| My guess is that this means you're not including <signal.h>. The prototype of
sigwait(), unfortunately, changed between POSIX draft 4 and the final
standard. Because we were already using "sigwait" as the name, and we had to
retain binary compatibility (a real pain), the POSIX sigwait is called
__sigwaitd10. This is transparent if you build correctly, because <signal.h>
fixes up your reference to the proper name when you're building for POSIX
threads.
When you build -threads, you link against libpthreads.so, the "legacy"

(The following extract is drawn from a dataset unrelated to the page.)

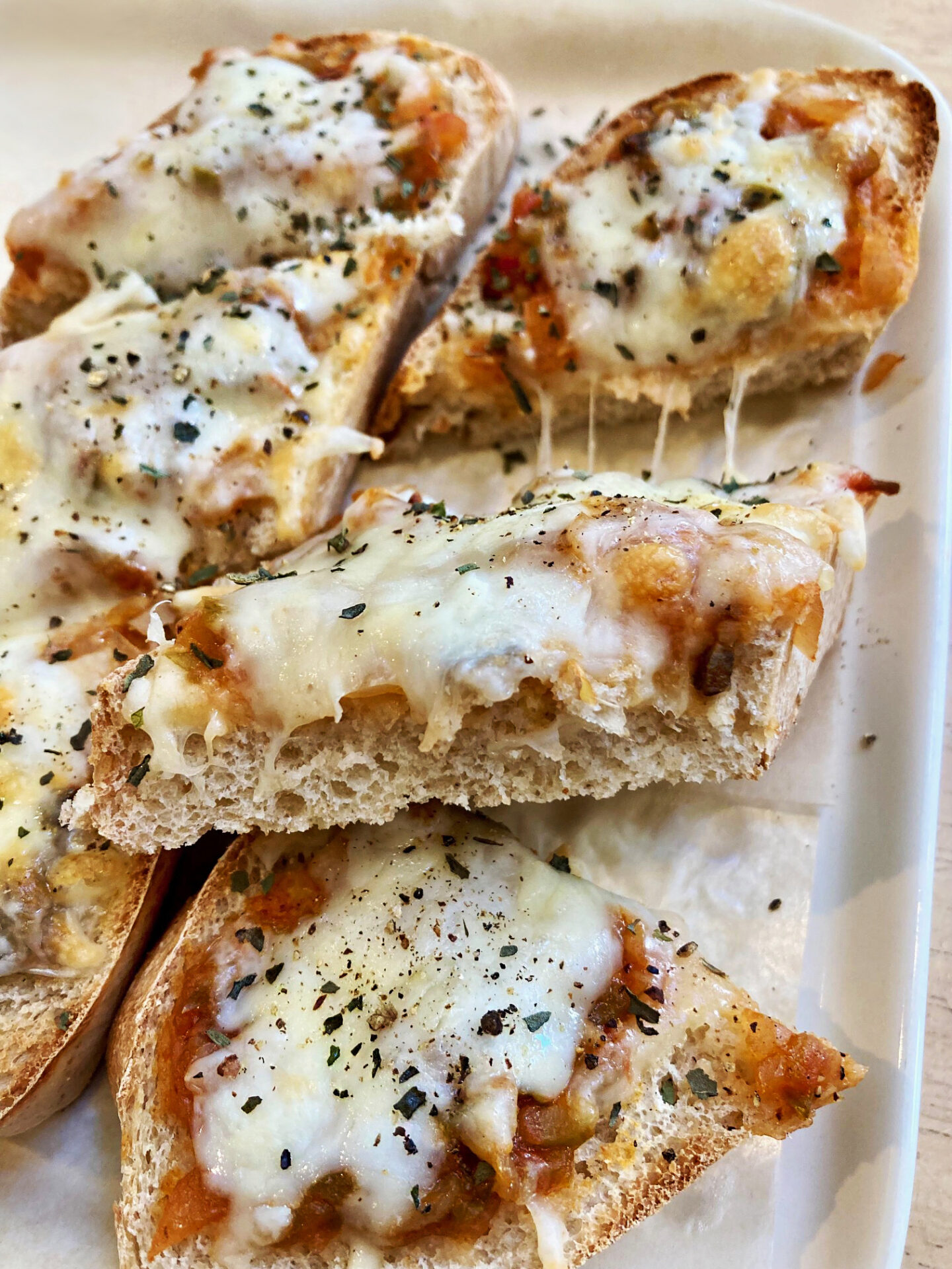 よく焼かれた耳の部分はカリッ。真ん中部分は、具材と焼けて溶けたチーズの旨味が融合、とってもベリー美味しい!!!。

library, which has a sigwait entry point. But libpthread.so has only
__sigwaitd10, so when you build -pthread, your reference to sigwait goes
unresolved.
First, you should always include <signal.h>. Second, make sure that you're
using the right prototype for sigwait. The draft 4 version returned the
signal number as the function value, and accepted a single argument (the
signal mask). The POSIX version returns an error code, and takes two
arguments (the signal mask and a pointer to an int that receives the signal
number that occurred).
Of course, if you ARE including <signal.h> in every source file that calls
sigwait(), then something else is wrong. Perhaps you've confused the
<signal.h> conditionals with some "unusual" combination of -D definitions,
for example. In this case, please post the complete build command so we can
try to figure out what may be happening.